- Opening Delimiter -

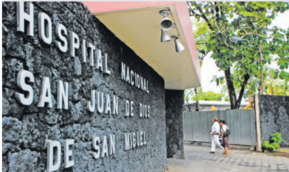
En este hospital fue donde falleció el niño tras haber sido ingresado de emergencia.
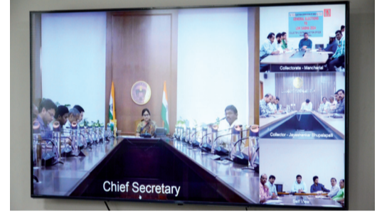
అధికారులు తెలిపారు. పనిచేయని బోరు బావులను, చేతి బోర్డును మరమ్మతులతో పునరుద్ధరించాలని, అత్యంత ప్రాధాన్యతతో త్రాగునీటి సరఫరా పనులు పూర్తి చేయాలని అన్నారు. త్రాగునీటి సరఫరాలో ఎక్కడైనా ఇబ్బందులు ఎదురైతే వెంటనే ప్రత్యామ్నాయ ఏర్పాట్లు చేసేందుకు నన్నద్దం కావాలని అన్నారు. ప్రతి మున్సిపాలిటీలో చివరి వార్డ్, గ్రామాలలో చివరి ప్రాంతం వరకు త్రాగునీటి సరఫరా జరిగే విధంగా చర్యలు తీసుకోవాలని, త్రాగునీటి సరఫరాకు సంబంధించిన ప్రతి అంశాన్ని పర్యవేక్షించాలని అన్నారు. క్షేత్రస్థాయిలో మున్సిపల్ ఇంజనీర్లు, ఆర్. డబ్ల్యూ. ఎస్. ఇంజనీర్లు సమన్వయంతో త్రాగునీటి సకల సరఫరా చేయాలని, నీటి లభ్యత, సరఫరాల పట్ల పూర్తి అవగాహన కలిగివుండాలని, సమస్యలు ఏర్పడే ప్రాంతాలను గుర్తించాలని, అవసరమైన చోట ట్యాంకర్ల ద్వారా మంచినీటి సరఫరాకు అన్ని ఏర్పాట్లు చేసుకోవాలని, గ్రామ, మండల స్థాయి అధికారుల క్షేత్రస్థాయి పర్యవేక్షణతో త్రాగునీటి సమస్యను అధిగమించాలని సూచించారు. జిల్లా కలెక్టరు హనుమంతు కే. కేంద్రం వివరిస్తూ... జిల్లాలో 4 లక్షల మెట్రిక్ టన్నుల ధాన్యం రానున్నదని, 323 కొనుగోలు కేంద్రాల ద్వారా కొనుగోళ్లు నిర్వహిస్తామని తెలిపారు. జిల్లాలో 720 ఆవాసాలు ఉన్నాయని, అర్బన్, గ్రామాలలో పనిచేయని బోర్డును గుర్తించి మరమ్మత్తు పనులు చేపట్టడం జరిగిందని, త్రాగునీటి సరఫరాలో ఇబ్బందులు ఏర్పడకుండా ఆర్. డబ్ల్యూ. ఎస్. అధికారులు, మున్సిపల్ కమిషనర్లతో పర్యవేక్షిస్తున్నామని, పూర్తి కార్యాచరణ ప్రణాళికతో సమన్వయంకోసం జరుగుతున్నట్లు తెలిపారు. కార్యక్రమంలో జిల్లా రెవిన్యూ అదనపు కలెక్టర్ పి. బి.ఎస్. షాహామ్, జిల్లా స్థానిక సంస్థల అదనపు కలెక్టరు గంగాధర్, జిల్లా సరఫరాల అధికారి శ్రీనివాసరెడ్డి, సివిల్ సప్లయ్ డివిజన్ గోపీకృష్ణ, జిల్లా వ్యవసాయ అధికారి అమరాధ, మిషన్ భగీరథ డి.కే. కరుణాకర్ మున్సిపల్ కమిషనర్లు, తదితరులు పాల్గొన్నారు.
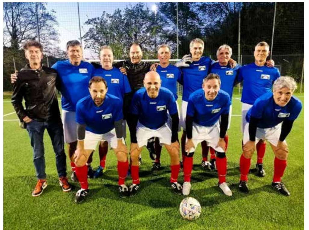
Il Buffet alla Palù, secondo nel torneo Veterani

- Closing Delimiter -
- Opening Delimiter -

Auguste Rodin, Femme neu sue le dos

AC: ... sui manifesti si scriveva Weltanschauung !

- Closing Delimiter -
- Opening Delimiter -

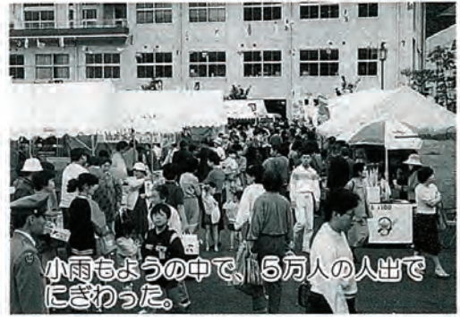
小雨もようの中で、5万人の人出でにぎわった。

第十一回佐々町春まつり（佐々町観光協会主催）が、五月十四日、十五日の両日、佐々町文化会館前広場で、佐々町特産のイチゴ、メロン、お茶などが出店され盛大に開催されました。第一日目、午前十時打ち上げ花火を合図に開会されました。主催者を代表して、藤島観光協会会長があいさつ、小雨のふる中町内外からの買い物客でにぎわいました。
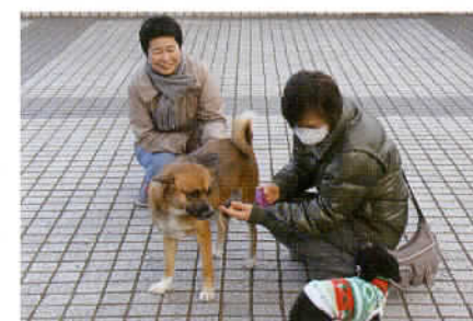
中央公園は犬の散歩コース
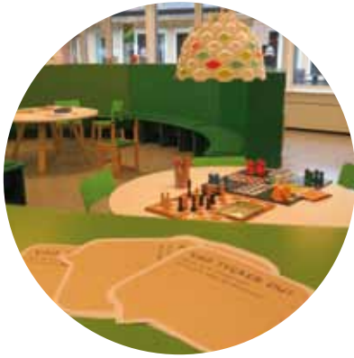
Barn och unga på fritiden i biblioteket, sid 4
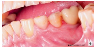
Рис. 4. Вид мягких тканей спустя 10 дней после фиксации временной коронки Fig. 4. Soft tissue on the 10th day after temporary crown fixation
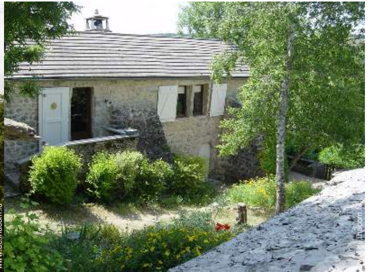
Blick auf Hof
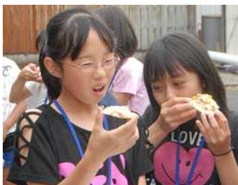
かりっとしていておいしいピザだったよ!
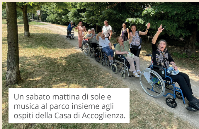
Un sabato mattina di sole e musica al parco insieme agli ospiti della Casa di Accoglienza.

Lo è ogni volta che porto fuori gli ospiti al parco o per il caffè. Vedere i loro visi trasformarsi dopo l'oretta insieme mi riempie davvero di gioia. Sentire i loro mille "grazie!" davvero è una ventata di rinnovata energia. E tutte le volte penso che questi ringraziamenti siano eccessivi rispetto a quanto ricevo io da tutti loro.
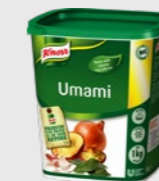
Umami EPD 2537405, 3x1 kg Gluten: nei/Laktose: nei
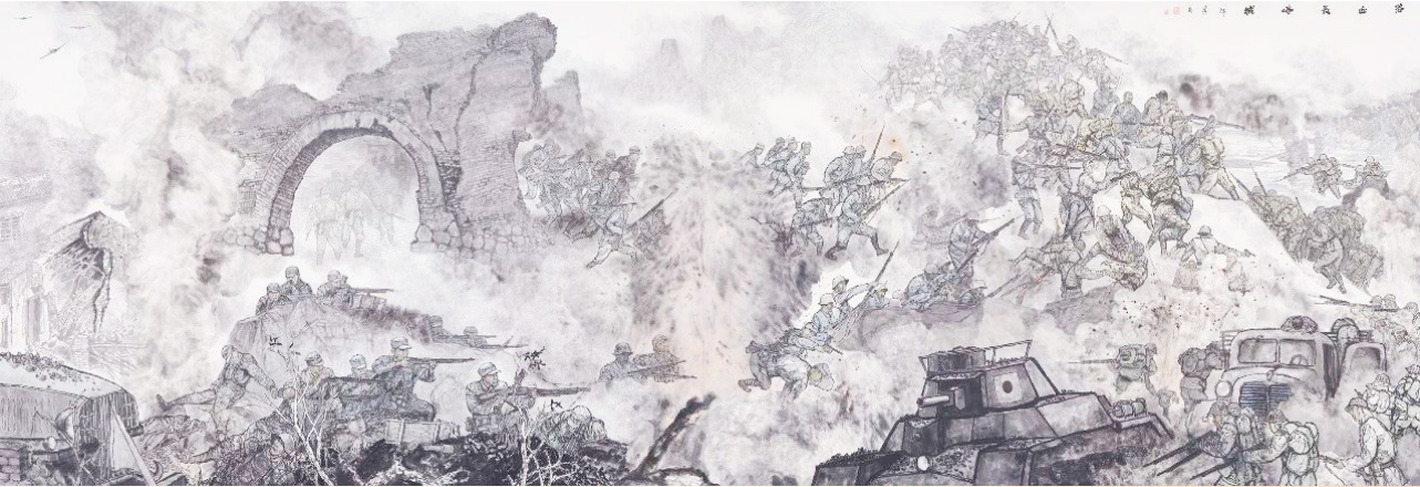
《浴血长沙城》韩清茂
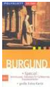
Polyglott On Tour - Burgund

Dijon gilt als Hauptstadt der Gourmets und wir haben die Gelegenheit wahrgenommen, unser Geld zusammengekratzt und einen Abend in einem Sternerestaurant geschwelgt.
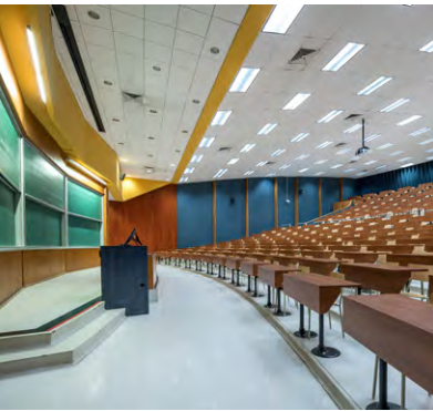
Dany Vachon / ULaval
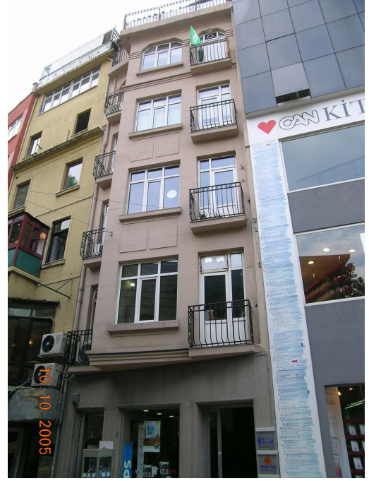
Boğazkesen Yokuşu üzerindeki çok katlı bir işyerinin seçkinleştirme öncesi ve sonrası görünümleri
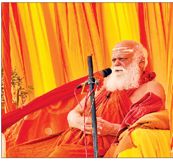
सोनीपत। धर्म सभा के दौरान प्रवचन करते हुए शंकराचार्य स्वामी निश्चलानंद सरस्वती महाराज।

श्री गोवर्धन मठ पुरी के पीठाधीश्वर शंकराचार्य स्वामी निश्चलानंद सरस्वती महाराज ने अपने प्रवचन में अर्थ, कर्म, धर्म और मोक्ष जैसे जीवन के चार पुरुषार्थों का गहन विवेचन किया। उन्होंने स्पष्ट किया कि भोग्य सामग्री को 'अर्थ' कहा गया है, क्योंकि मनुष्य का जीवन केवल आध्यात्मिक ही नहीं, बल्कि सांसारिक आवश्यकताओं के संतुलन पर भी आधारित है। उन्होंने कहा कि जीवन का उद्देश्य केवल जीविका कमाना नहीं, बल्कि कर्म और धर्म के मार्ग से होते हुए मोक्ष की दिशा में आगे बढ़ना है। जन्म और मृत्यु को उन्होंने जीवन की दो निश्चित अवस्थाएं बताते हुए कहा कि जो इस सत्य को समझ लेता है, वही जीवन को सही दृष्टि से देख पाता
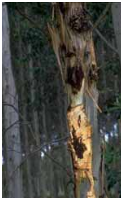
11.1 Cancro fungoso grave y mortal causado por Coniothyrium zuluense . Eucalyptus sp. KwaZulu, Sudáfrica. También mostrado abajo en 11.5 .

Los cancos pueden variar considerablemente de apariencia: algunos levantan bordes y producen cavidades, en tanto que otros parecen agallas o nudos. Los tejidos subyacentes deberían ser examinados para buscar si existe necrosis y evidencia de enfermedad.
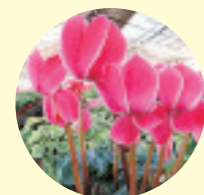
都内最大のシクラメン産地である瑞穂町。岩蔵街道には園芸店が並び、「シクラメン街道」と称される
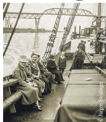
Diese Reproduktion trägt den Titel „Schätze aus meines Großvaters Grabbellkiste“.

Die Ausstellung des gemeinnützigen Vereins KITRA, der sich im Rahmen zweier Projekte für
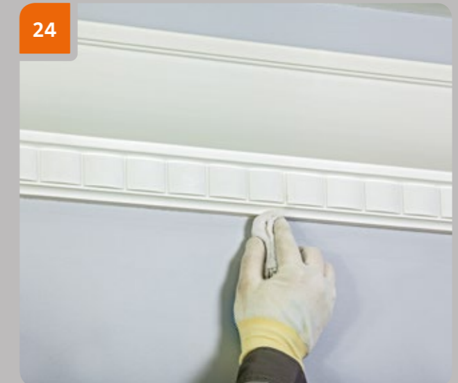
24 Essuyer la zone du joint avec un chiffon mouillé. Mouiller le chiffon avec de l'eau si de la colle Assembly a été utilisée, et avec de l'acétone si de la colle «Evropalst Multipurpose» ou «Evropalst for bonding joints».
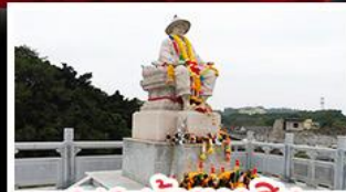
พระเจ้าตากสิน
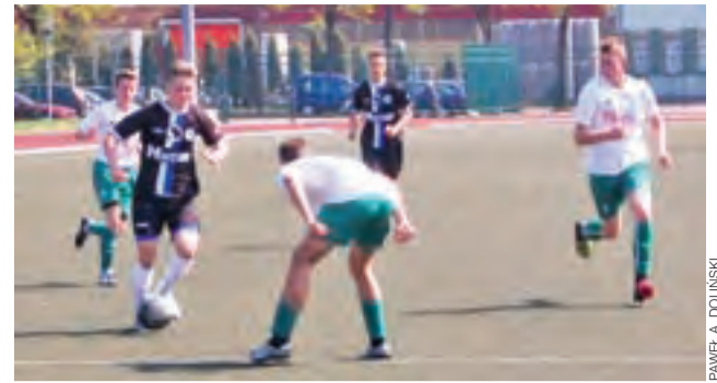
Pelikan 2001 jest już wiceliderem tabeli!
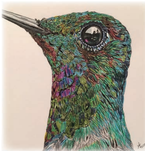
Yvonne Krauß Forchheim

- Closing Delimiter -

### Your instructions:
The answer must consist of every line from the data that contains the word "parco".

### Solution:
Un sabato mattina di sole e musica al parco insieme agli ospiti della Casa di Accoglienza.
Lo è ogni volta che porto fuori gli ospiti al parco o per il caffè. Vedere i loro visi trasformarsi dopo l'oretta insieme mi riempie davvero di gioia. Sentire i loro mille "grazie!" davvero è una ventata di rinnovata energia. E tutte le volte penso che questi ringraziamenti siano eccessivi rispetto a quanto ricevo io da tutti loro.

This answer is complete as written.